Your assignment:
Within the lines below, the span from the line with "商品名稱:小米無線吸塵器2Lite 吸塵器家用升級旋風風道 持久澎湃吸力 輕量省力二合一" to the line with "Yüksek bel. Beli", both ends included, is to be reproduced exactly, with pictures omitted.
== Segment start ==
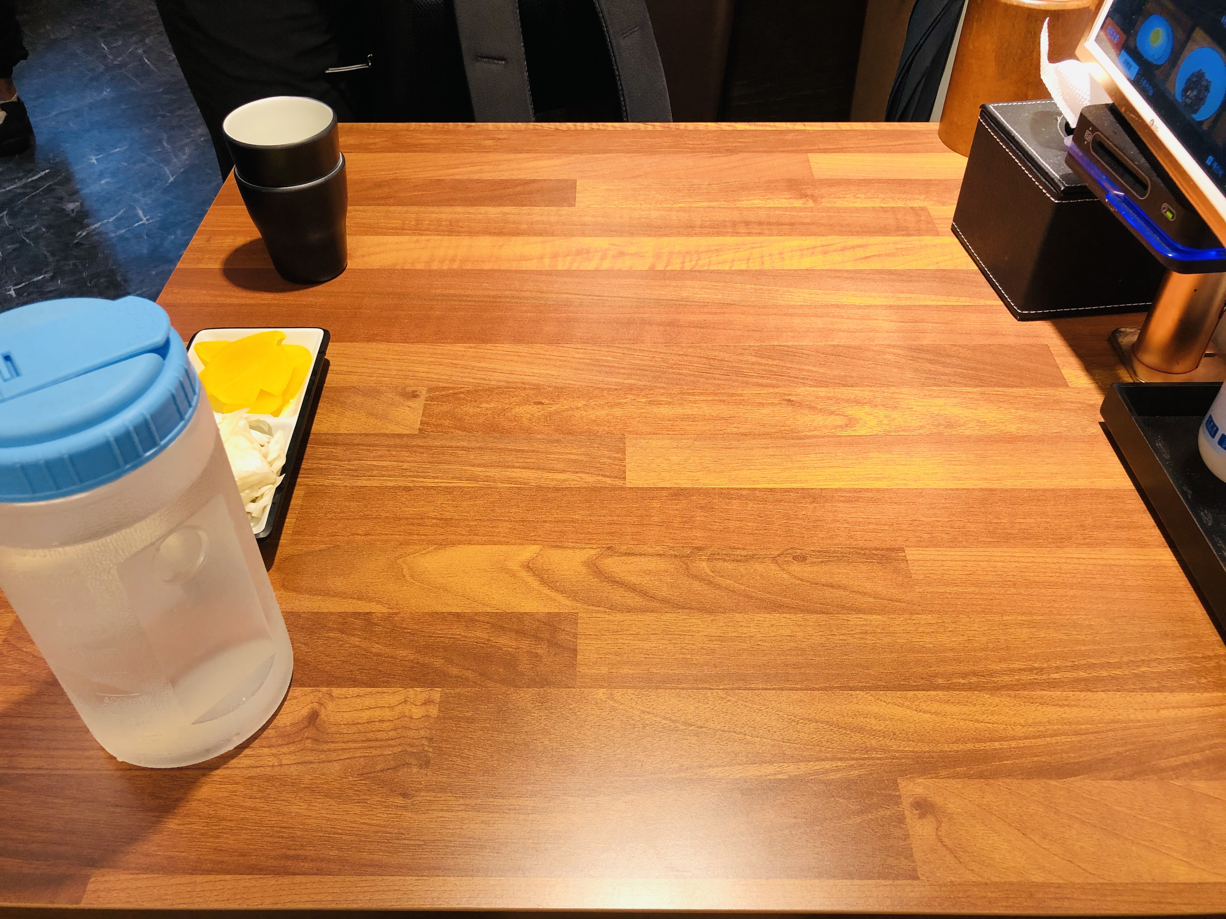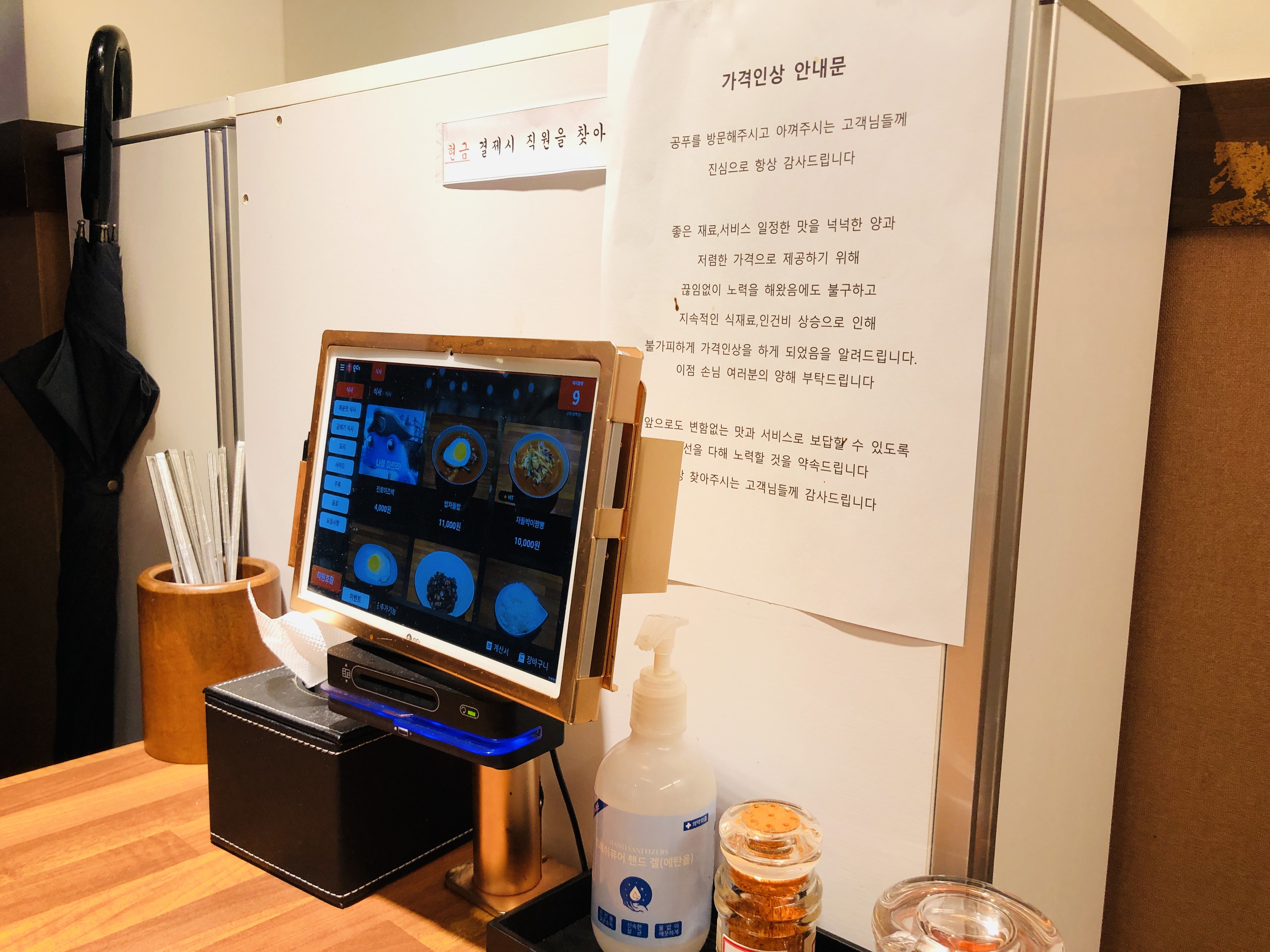식탁과 의자가 깔끔해졌고 테이블마다 주문 기계도 비치되어 있었다.
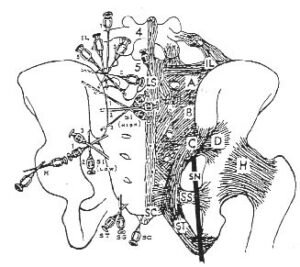 Needle Location used for injection of the sacroiiac ligaments. Trigger point of ligaments: (IL) Iliolumbar; (LS) Lumbosacral-supra and interspinus; (A,B,C,D,) Posterior sacroiliac; (SS) Sacroapinus; (ST) Sacrotuberus;(SC) Sacrococcygeal;(H) Hip-Articular; (SN) Sciatic nerve (from G.S. Hackett, Ligament and Tendon Relaxation. Charles C. Thomas Co., 1958)
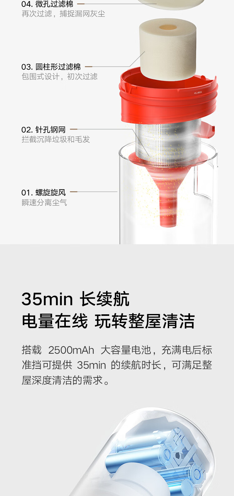 商品名稱:小米無線吸塵器2Lite 吸塵器家用升級旋風風道 持久澎湃吸力 輕量省力二合一
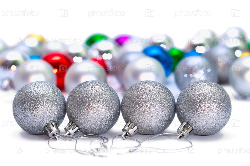 Четыре новогодних металлических шара на переднем плане и много цветных шаров на фоне
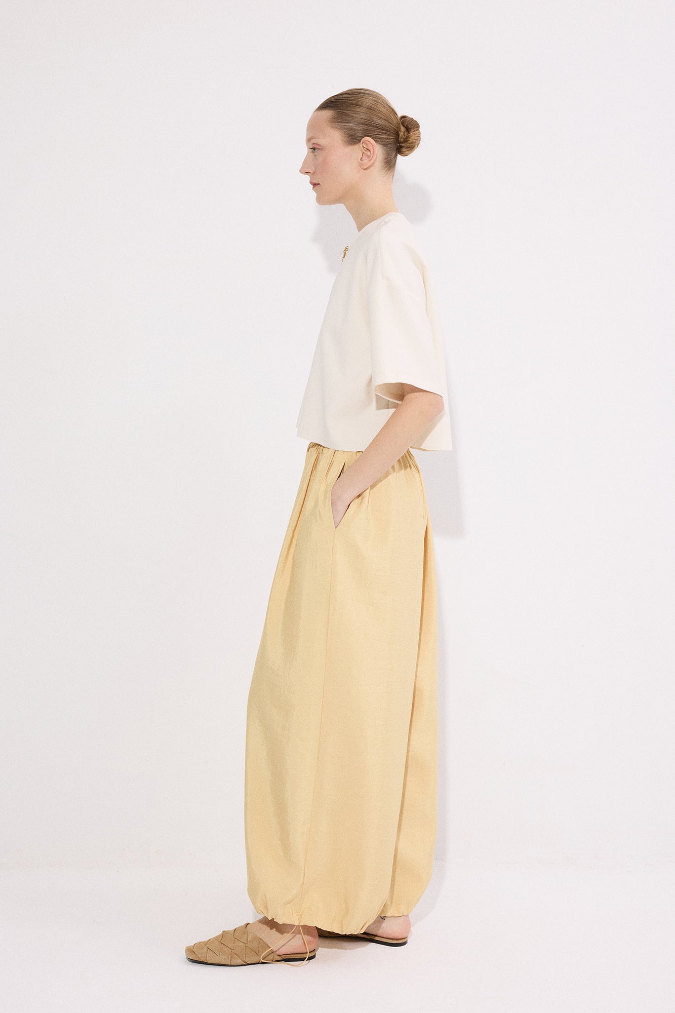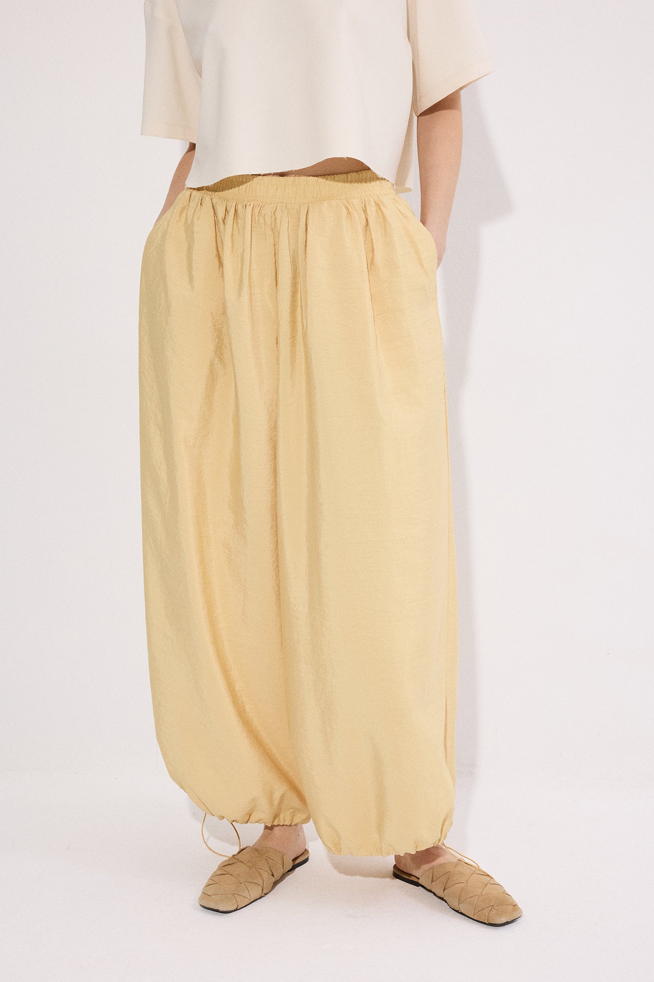 Yüksek bel. Beli lastikli. Yan cepli. Paça kısmı ayarlanabilir büzgü detaylı.
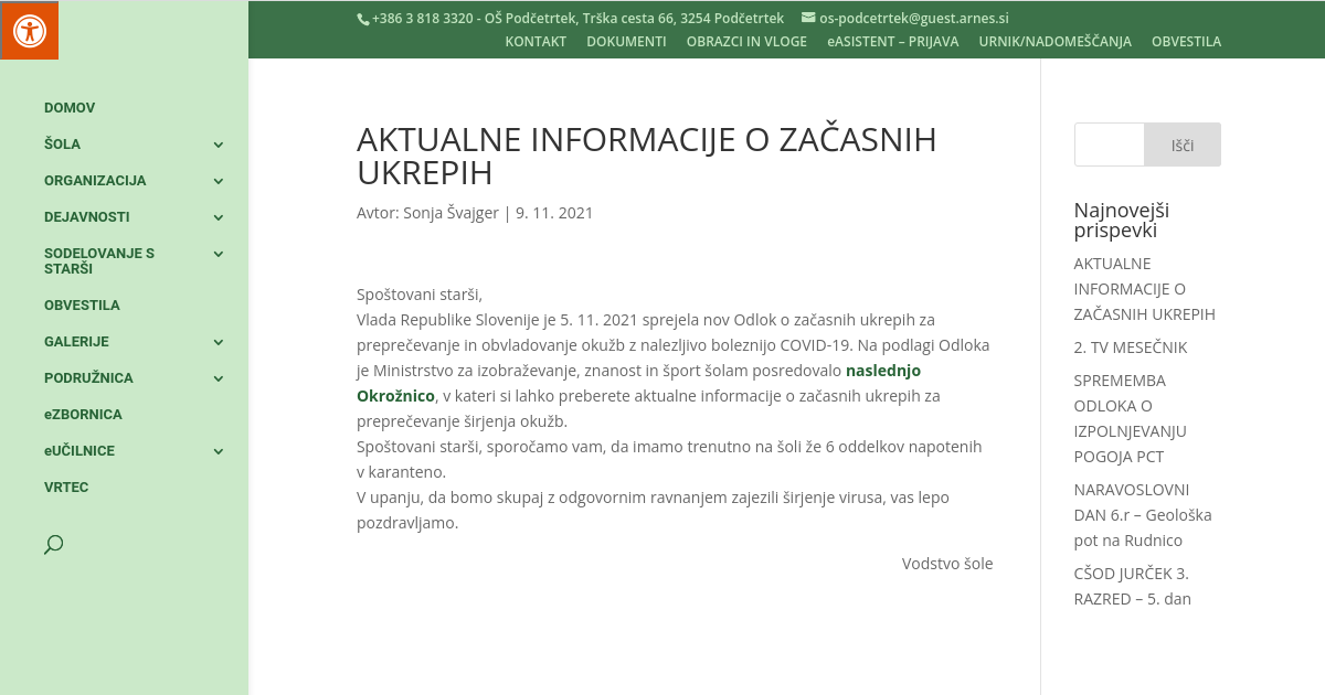 Spoštovani starši, Vlada Republike Slovenije je 5. 11. 2021 sprejela nov Odlok o začasnih ukrepih za preprečevanje in obvladovanje okužb z nalezljivo boleznijo COVID-19. Na podlagi Odloka je Ministrstvo za izobraževanje, znanost in šport šolam posredovalo naslednjo Okrožnico, v kateri si lahko preberete aktualne informacije o začasnih ukrepih za preprečevanje širjenja okužb. Spoštovani starši, sporočamo vam, da imamo trenutno na šoli že 6 oddelkov napotenih v karanteno. V upanju, da bomo skupaj z odgovornim ravnanjem zajezili širjenje virusa, vas lepo pozdravljamo.
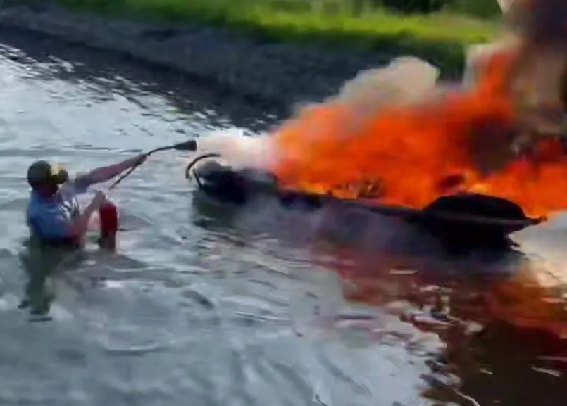 В какой-то момент техника вспыхнула и взорвалась, предположительно из-за неисправности топливной системы.
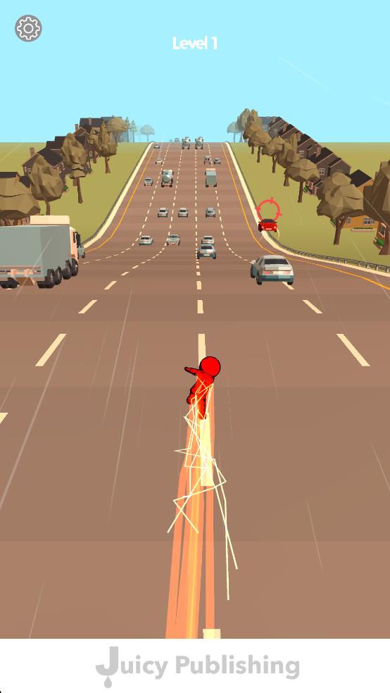 1、跑酷对决结合:在赛道上操控英雄奔跑,灵活跳跃或转向躲避障碍物,遇到对手时及时出拳攻击将其击退,保持前进速度的同时赢得对决,向终点冲刺。
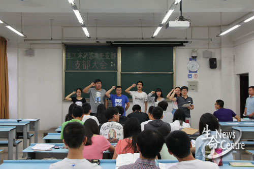 19:50,主持人统计并宣布无记名投票结果,五名转正的预备党员以及六名发展入党的积极分子都全票通过。6名新入党同志站上讲台,并在赵浩淼同志的带领下庄严宣誓,坚定的誓词中流露出每位同志对党的崇敬与信任之情,伴随着铿锵有力的誓言,会场充满了鼓舞人心的力量。
== Segment end ==
The answer:
 商品名稱:小米無線吸塵器2Lite 吸塵器家用升級旋風風道 持久澎湃吸力 輕量省力二合一
 Четыре новогодних металлических шара на переднем плане и много цветных шаров на фоне
 Yüksek bel. Beli lastikli. Yan cepli. Paça kısmı ayarlanabilir büzgü detaylı.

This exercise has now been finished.